Technology will become even more pervasive as the Internet of Things will bring more and more technology into our homes, offices, utilities, airplanes, cars, security systems, environmental monitoring and just about anything that is relying on sensor data. Technology has had a significant impact on the plummeting costs of energy. This has changed the way the world does business by reducing the costs of business to business transactions. These reduced transaction costs, driven by changes in government policies and improved communications infrastructure, have led to a wide array of business practices referred to as globalization. Companies that do not embrace technology cannot compete, therefore, the world is craving new technology. Hi-tech companies have an enormous opportunity by diversifying into international markets. However, this will require partnering with smart distributors, value added re-sellers and OEM’s that know their markets and how to introduce new technologies.
The Challenges: Today, all utilities face a varied list of new threats and obstacles that force them to carefully examine their business model and operations core. There are many challenges that Utility companies are facing, economics being the first. For example, most developed countries utilities are growing more slowly. But they have enormous demands to increase loads in many areas while the infrastructure in many regions is aging. New regulations are forcing the capacity expansion with renewable energy and the replacement costs are high. While at the same time there is pressure to keep rate increases to a minimum, limiting investment capital. Many new technologies however, introduce uncertainty. An example is shale gas. While the technology has pushed down gas prices and has transformed North America’s previous dependencies on imported oil, we still do not understand what the impact can be on the environment.
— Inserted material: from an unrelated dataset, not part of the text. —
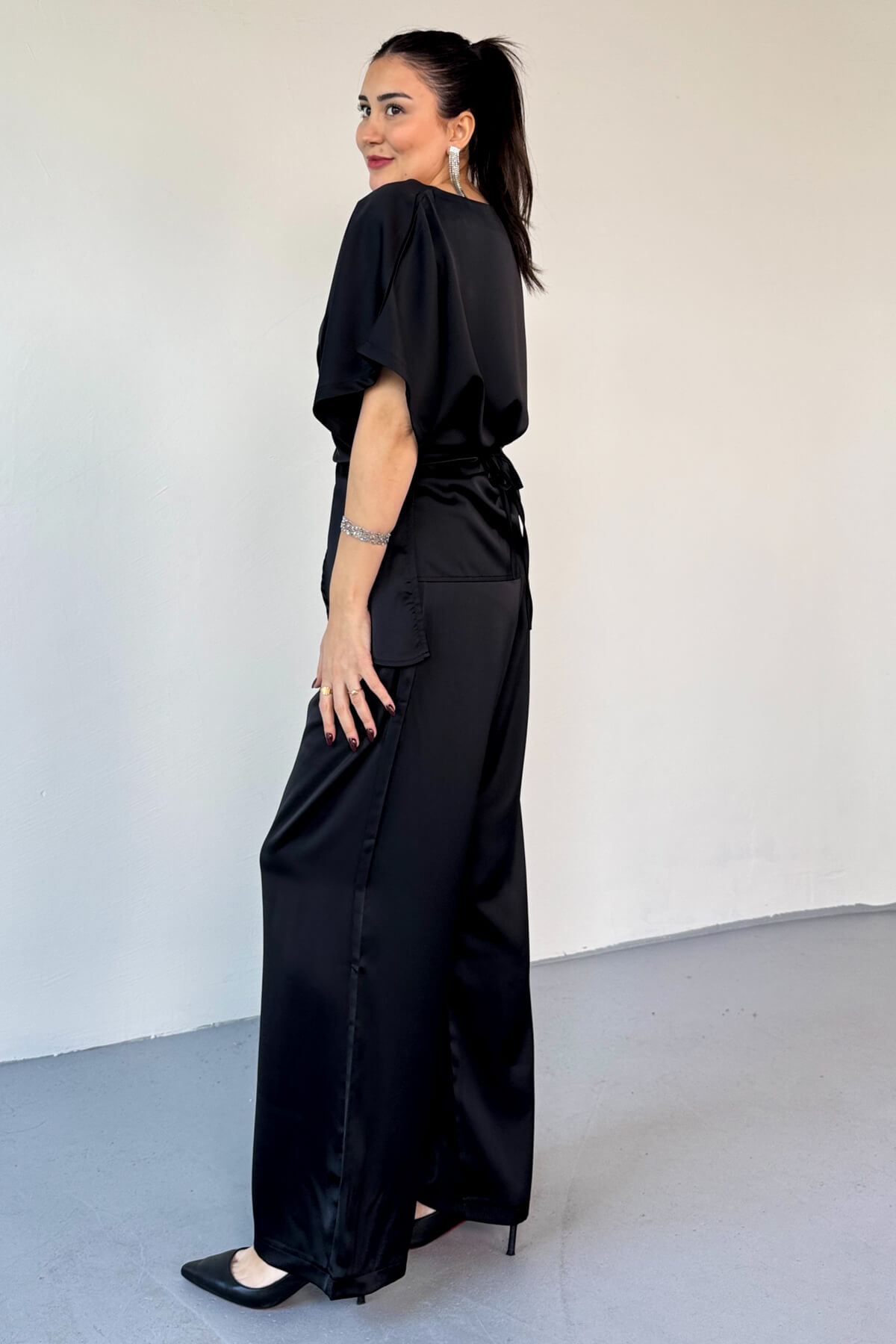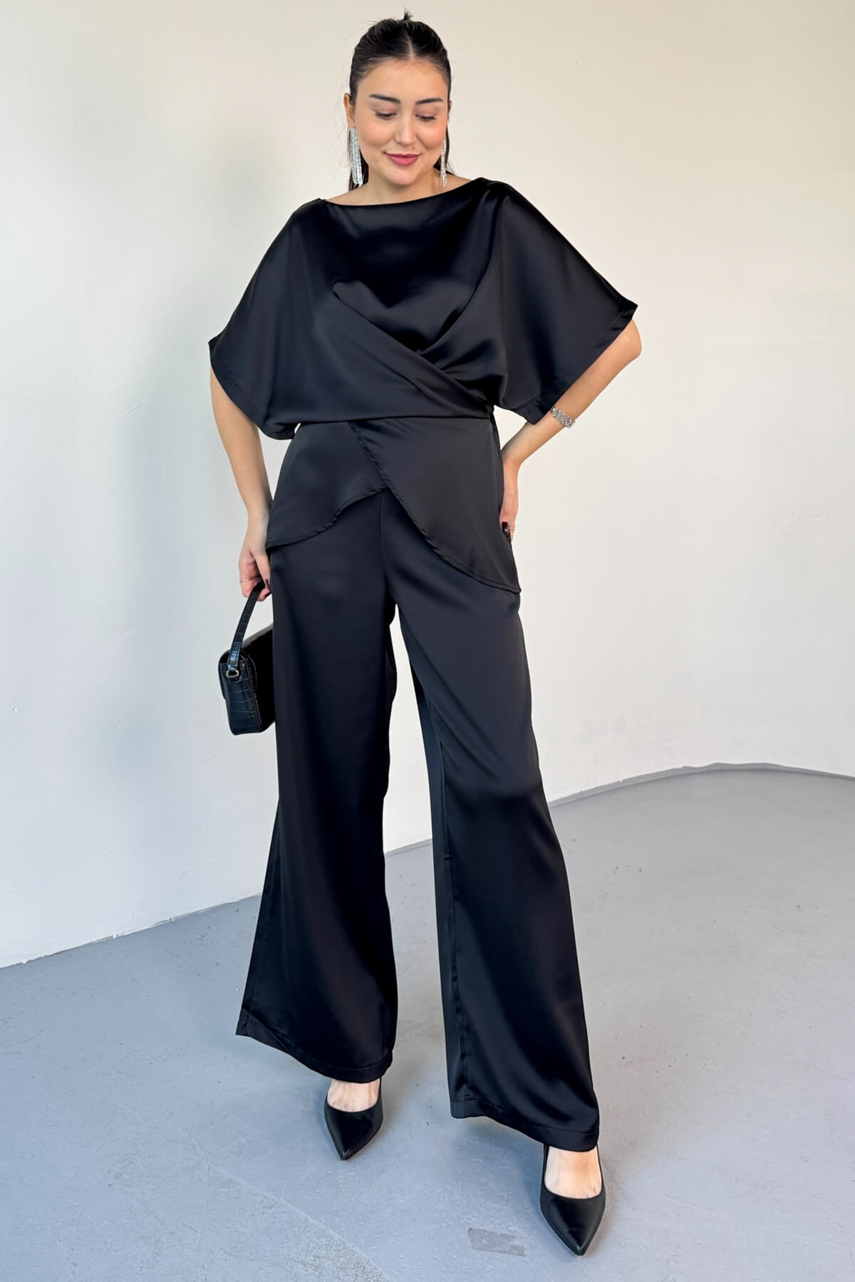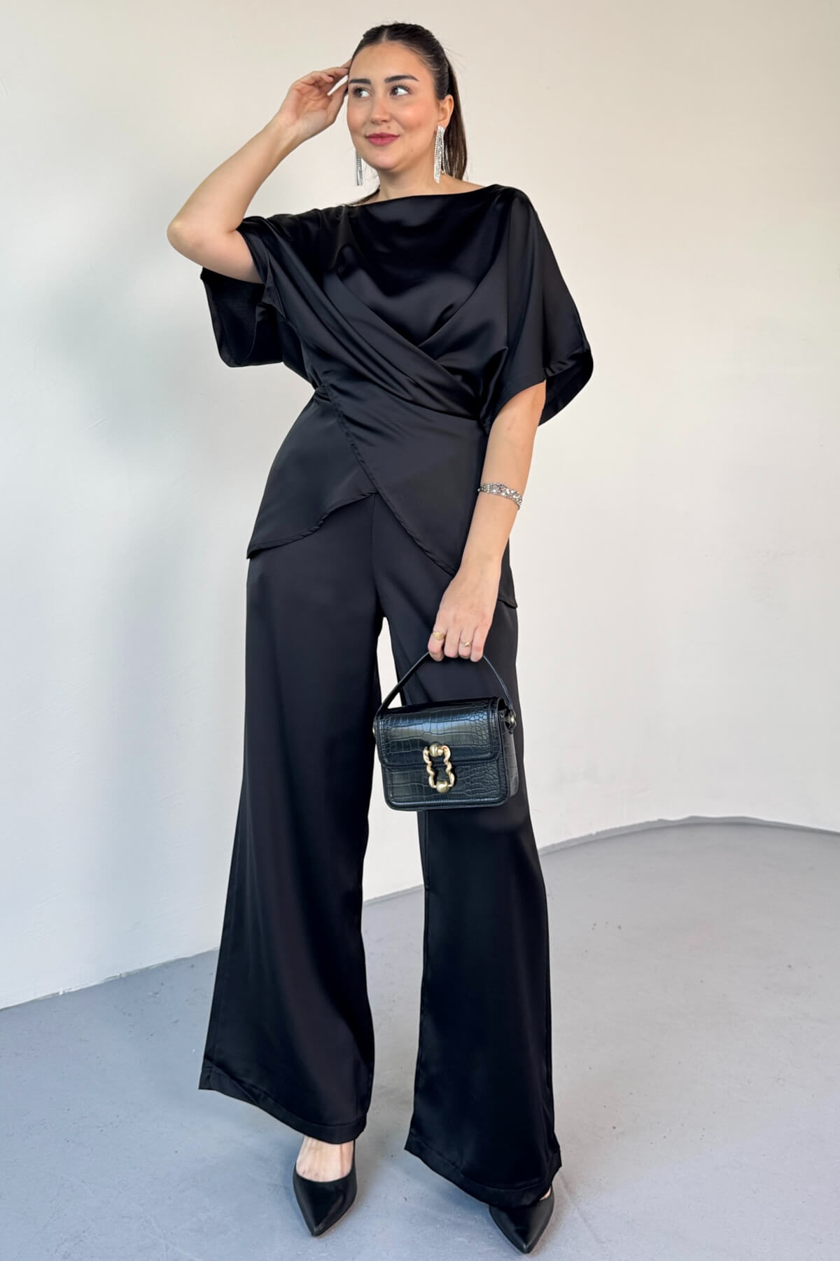 TKM-0298 Siyah Kalın Saten Geniş Yaka Bağlama Detaylı İkili Takım

The Opportunity: The principal public utilities are being maintained by local or state governments. All utilities are facing increased security requirements due to the dependencies that the mass population and governments have on electricity, water, gas and sewage. Therefore, technology and telecommunications companies have a large opportunity to automate the utilities’ Scada systems. This automation however, does not come without the need to be aware of the possible security impact that is widespread with the IoT “Internet of Things” proliferation going forward. IoT will be the wave of the future. Utility companies can install wireless sensors, security cameras, VoIP (voice over IP) and WiFi networks to communicate with the outside world, if and when needed. Scada networks will also need revamping to comply with IoT standards. Therefore the technology, telecommunications , Scada and security sectors have enormous opportunities in most international utility markets.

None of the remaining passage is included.